He cocked his gun. "Now nobody move!"

He seized his weapon by the barrel, swung it round at the length of his arm, and tossed it to a great height and stood waiting to catch it as it fell. . . .At that moment Maurin threw up a stone into the air, which rose as the rifle descended. The gun fell horizontally across Vincent's arm, and he fired. Steve picked up the stone, to find it all like a polo mint, the stone with a hole. Blimey!

"My turn now!" cried Maurin; not to be outdone he proceeded to execute the same miraculous feat of skill. Only, while the gun was turning in the air, he bent over double and let rip a casual yet loud and oddly melodious fart:

"There," he said, "you see what we are a pair of overbearing show-offs we are, before you is the beast with two butts. Now for the wild-boars! 

"My friends," said Vincent "you are about to witness a quite brazen provocation of that bastard Freemon and the newly arrived teenage re-enforcement Gendarmes, it will take your breath away. You, Rodney! Be on guard, be alert, eyes peeled for those beastly boys in blue, and you Didier, idem. What sort of name is Didier anyway?  What do they know about hunting, what do they know about anything? What do they know about getting up out of bed before breakfast?  A whole load of nothing, that's what, but they do know the law, the Code Civile. By gum, they can even look the thing up on Monsieur Internet: thou shalt not shoot a pig avant Assumption Day. Full stop. Were we never to eat our neighbours' cherries, there's many folks would not know the taste of the fruit at all!"

Not only was I given the responsibility of keeping an eye out for the Staff Sergeant and his boys. I was also given a huge hunting horn and whistle, not to mention a very fine blue cap, bearing the image of a cute little makin' bacon porker and the words Justin Bridou Mon Jambon Star!" Do be vigilant Rodney my man," Vincent repeated. "If you want to spend the next six months at liberty."

Half an hour later we were still skulking about, smoking Fortuna lights, (pale blue packet with a hint of turquoise, trans.) chatting incoherently, half asleep, when suddenly I heard the unmistakable whir of a blue Kangoo on the road below, a whiff if you like. Then before I could blow my horn or whistle my whistle, it was too late! The waving brushwood cracked and crackled "Once you hold a bird in the hand, best pluck it, sir!" Announced Vincent loudly and with a sort of glee. The dense undergrowth rustled so intensely as if it were bursting into flame everywhere at once! In a moment I felt myself pushed away and roughly set upright again. I saw the briars stir in front of me. Yes, it was they, the wild-boars, the free untamed denizens of the forest! They went plunging over the bush like porpoises out of water, bounding clumsily along in great curving leaps, running hard and breaking down the broom and heather under their ponderous weight, the boughs of which kept snapping with a loud report. A shot, two shots rang out. I saw a boar fall, and lie there, dead; another was wounded, but after pausing and slackening speed an instant, it slumped and dropped dead in its turn.

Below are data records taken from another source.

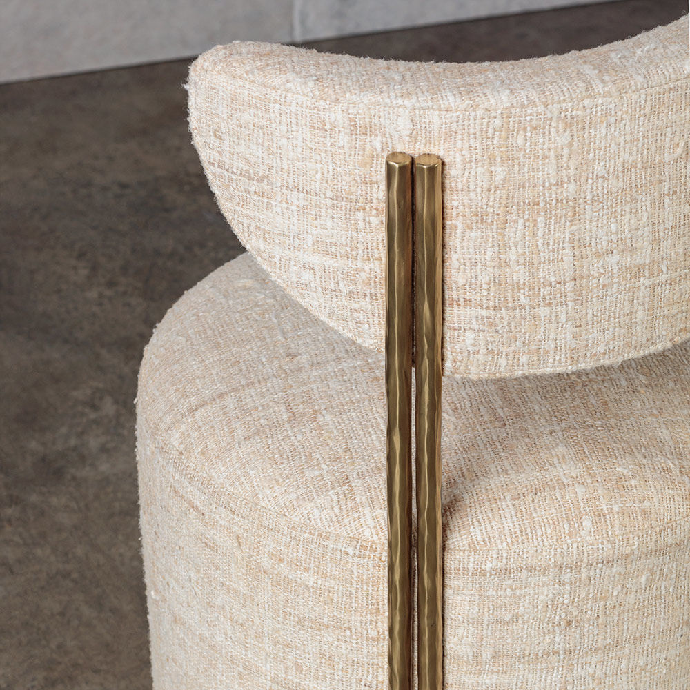 Melange Vanity Stool身材娇小但形式大胆,是细致入微的现代设计的典范。 这款凳子采用实心铸造黄铜腿和手工制作的手工制作而成,并采用轻微抛光的抛光黄铜色。 软垫座椅和靠背有各种精选面料和皮革可供选择。
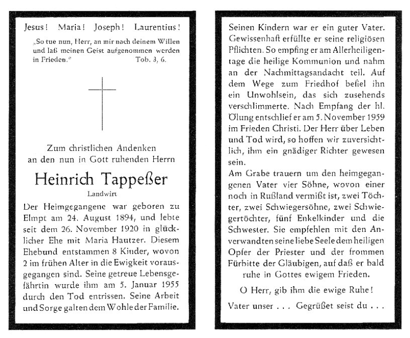 Landwirt; ∞ 26.11.1920 Maria Hautzer, † 5.1.1955; 8 K., davon 2 früh †; 1 Sohn im 2. Weltkrieg in Russland vermisst; |
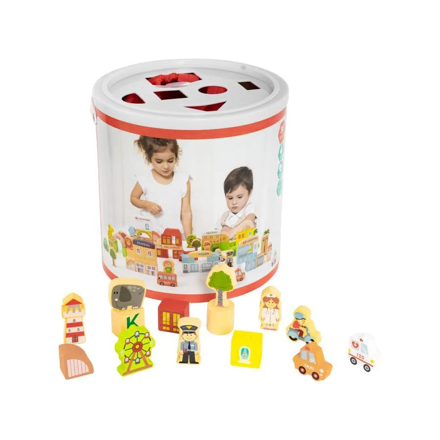 Puzzle típusú játék, hogy felépítse a napkelte városát, sokszínű, fa
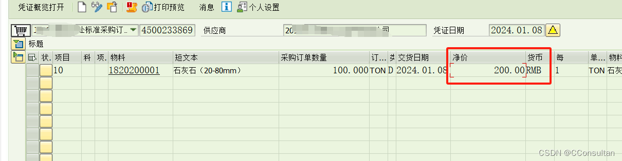 修改已收货采购订单的价格会带来什么影响** 以下为测试数据,原采购订单净价为100RMB
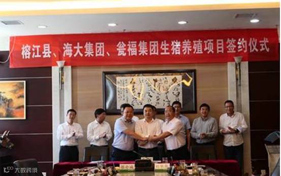 海大集团是一家集研发、生产和销售水产饲料、畜禽饲料、水产饲料预混料以及健康养殖为主营业务的高科技型上市公司,也是瓮福集团的长期合作伙伴。瓮福集团是榕江对口帮扶单位,为充分发挥企业的资源优势,做好借外力催生内生动力,在瓮福集团的牵引和洞察海大集团投资意向基础上,榕江县依托自然资源和基础产业优势,围绕大扶贫领域,成立县级项目建设领导小组,于2017年2月18日登门拜访海大集团,并成功签订战略框架协议。
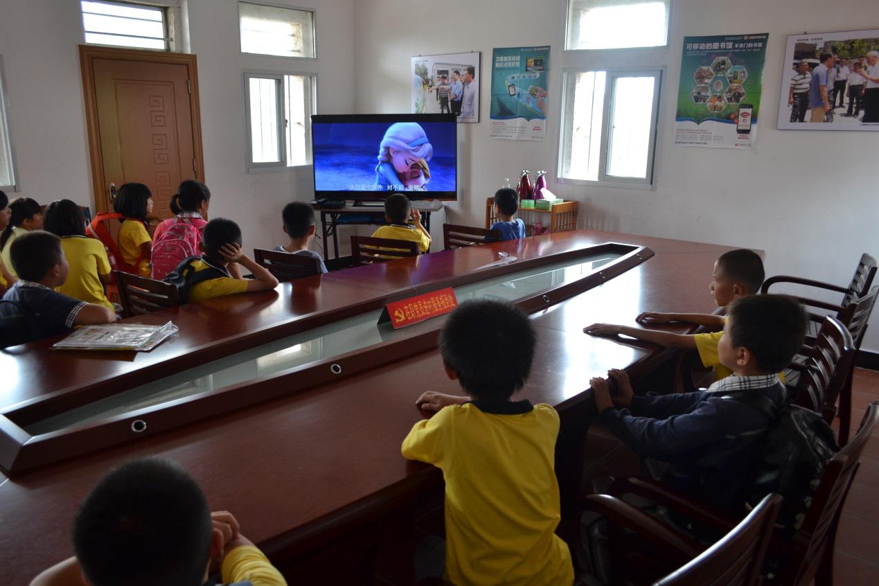 图2 军营村小学生放学后来到卫星数字阅览室观看精彩的数字节目

A loud shout from Vincent, "one apiece Maurin my boy, putain de bordel be merde!" Stout Master Vincent  was indeed a philosopher, that is what I have come to admire in him. It is that magic power, which is a gift of his birthright, of putting instantly into action a mere casual expletive, making it at one and the same time heroic and burlesque, This was a mark of genius! 

My own cries echoed through the valleys and on the heights. "Pootanna de bordello do merda!!"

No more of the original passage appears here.